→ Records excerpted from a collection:

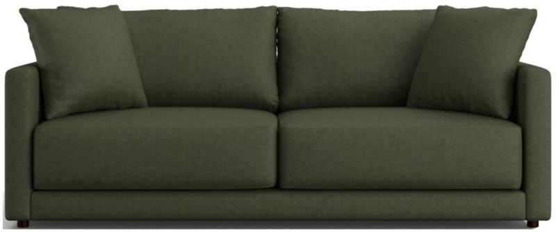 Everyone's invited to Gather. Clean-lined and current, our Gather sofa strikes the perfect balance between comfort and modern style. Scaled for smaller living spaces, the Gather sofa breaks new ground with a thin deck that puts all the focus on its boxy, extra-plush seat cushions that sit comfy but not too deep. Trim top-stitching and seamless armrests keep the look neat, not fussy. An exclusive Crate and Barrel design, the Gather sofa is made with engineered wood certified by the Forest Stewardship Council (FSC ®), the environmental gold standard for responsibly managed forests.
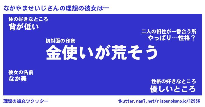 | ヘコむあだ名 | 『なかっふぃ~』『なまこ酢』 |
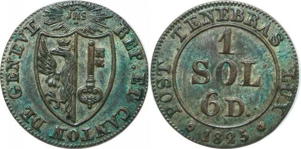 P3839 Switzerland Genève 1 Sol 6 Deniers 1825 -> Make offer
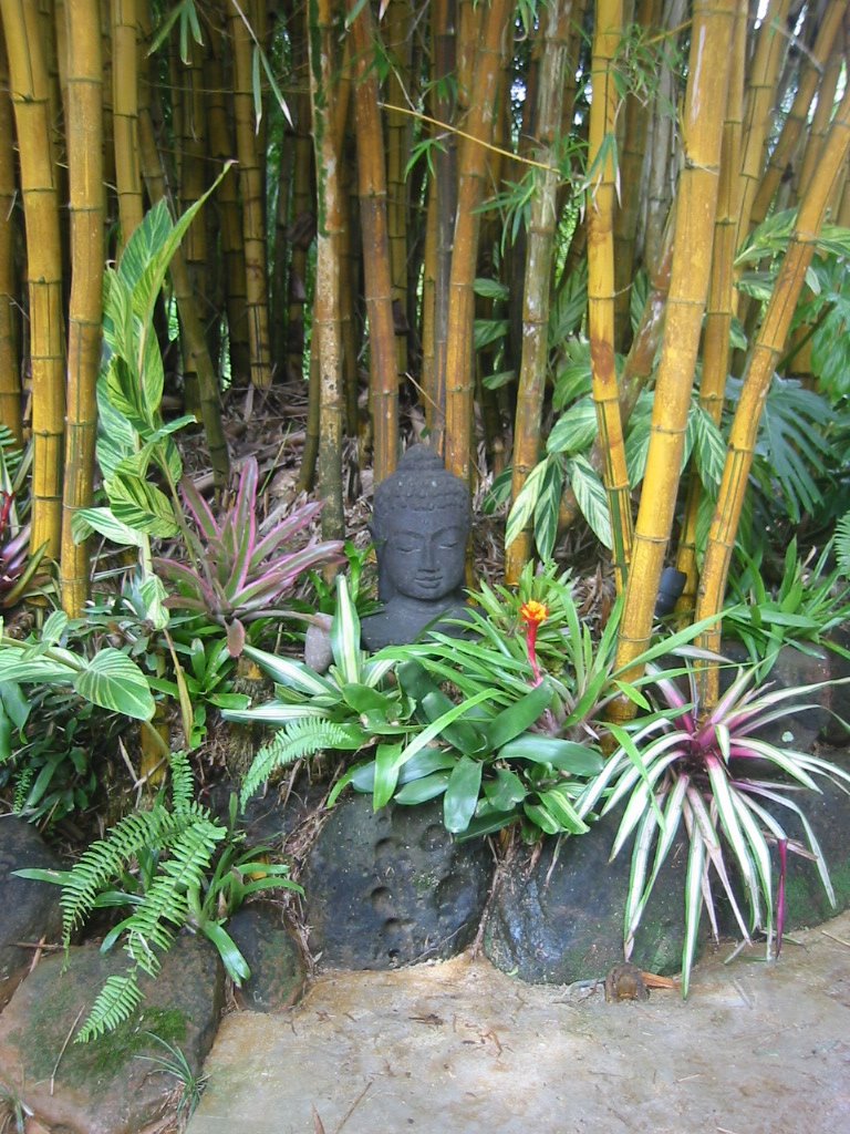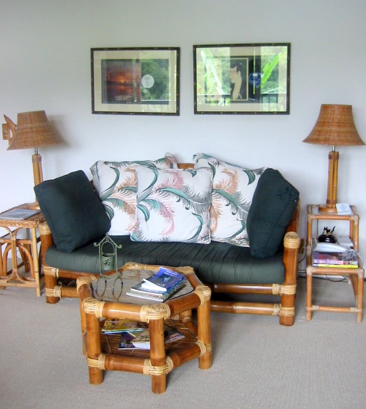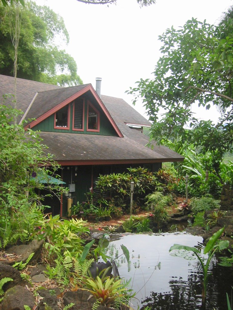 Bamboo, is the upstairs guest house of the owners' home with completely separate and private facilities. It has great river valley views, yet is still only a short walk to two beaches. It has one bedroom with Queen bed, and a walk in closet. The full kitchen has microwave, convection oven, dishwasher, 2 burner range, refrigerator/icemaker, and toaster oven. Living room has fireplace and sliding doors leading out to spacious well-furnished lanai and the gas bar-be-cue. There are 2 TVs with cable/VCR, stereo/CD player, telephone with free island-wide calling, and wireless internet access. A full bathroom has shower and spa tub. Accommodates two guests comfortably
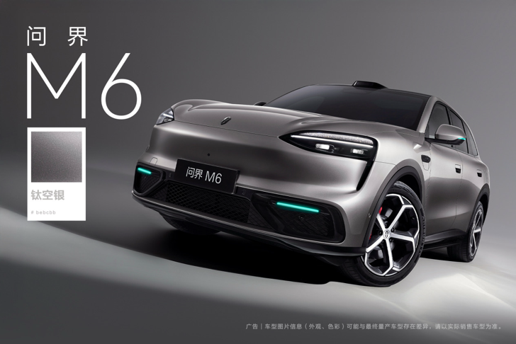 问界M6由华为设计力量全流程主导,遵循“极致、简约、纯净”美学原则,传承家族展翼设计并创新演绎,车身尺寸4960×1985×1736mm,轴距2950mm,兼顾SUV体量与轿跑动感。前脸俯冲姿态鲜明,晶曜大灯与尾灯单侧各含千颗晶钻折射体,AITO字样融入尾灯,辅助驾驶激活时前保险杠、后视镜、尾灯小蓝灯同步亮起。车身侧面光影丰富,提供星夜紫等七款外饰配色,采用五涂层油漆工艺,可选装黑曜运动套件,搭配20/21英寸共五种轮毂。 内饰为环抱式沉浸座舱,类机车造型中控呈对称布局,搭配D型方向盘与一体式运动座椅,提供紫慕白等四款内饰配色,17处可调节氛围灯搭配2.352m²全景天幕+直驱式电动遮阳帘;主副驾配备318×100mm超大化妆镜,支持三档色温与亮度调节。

→ YOUR TASK: Your answer is an exact copy of the records above, stripped of pictures.

→ PROBLEM SOLUTION:
 Everyone's invited to Gather. Clean-lined and current, our Gather sofa strikes the perfect balance between comfort and modern style. Scaled for smaller living spaces, the Gather sofa breaks new ground with a thin deck that puts all the focus on its boxy, extra-plush seat cushions that sit comfy but not too deep. Trim top-stitching and seamless armrests keep the look neat, not fussy. An exclusive Crate and Barrel design, the Gather sofa is made with engineered wood certified by the Forest Stewardship Council (FSC ®), the environmental gold standard for responsibly managed forests.
 | ヘコむあだ名 | 『なかっふぃ~』『なまこ酢』 |
 P3839 Switzerland Genève 1 Sol 6 Deniers 1825 -> Make offer
 Bamboo, is the upstairs guest house of the owners' home with completely separate and private facilities. It has great river valley views, yet is still only a short walk to two beaches. It has one bedroom with Queen bed, and a walk in closet. The full kitchen has microwave, convection oven, dishwasher, 2 burner range, refrigerator/icemaker, and toaster oven. Living room has fireplace and sliding doors leading out to spacious well-furnished lanai and the gas bar-be-cue. There are 2 TVs with cable/VCR, stereo/CD player, telephone with free island-wide calling, and wireless internet access. A full bathroom has shower and spa tub. Accommodates two guests comfortably
 问界M6由华为设计力量全流程主导,遵循“极致、简约、纯净”美学原则,传承家族展翼设计并创新演绎,车身尺寸4960×1985×1736mm,轴距2950mm,兼顾SUV体量与轿跑动感。前脸俯冲姿态鲜明,晶曜大灯与尾灯单侧各含千颗晶钻折射体,AITO字样融入尾灯,辅助驾驶激活时前保险杠、后视镜、尾灯小蓝灯同步亮起。车身侧面光影丰富,提供星夜紫等七款外饰配色,采用五涂层油漆工艺,可选装黑曜运动套件,搭配20/21英寸共五种轮毂。 内饰为环抱式沉浸座舱,类机车造型中控呈对称布局,搭配D型方向盘与一体式运动座椅,提供紫慕白等四款内饰配色,17处可调节氛围灯搭配2.352m²全景天幕+直驱式电动遮阳帘;主副驾配备318×100mm超大化妆镜,支持三档色温与亮度调节。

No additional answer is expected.